▸ **TASK GOAL**
Copy all the lines of the listing below exactly. Skip the images.

### DATA EXCERPT ###

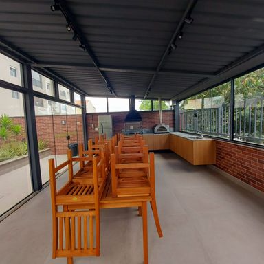 Apartamento com 2 dormitórios,1 suite,1 vaga,armários na cozinha,banheiro com box e gabinete,piso laminado,varanda fechada com vidro,aquecedor.
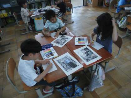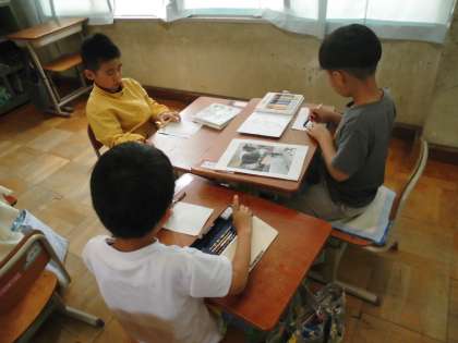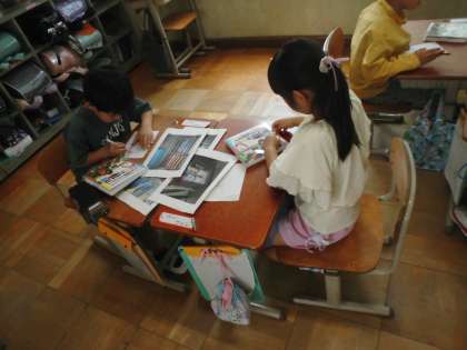 「わたし○○かくわ。」「ぼく○○かくわ。」と話し合いながらかいています。
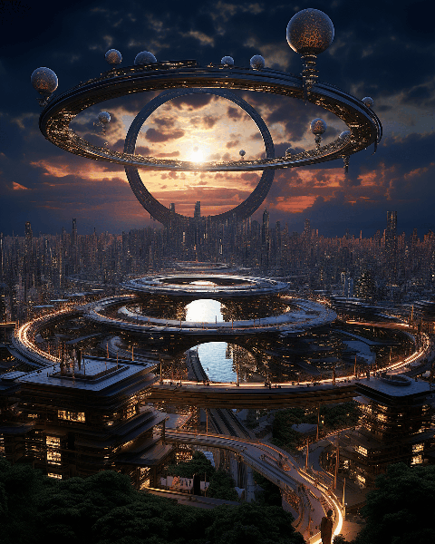 A floating city in the sky, held aloft by zeppelin-like structures and interconnecting sky-bridges, conceived by Buckminster Fuller. An extra-long shot reveals the majesty of this airborne metropolis set against a dramatic sunset --ar 4:5 --s 250 --style raw --v 6.0

###

▸ **RESULT OF THE EXERCISE**
 Apartamento com 2 dormitórios,1 suite,1 vaga,armários na cozinha,banheiro com box e gabinete,piso laminado,varanda fechada com vidro,aquecedor.
 「わたし○○かくわ。」「ぼく○○かくわ。」と話し合いながらかいています。
 A floating city in the sky, held aloft by zeppelin-like structures and interconnecting sky-bridges, conceived by Buckminster Fuller. An extra-long shot reveals the majesty of this airborne metropolis set against a dramatic sunset --ar 4:5 --s 250 --style raw --v 6.0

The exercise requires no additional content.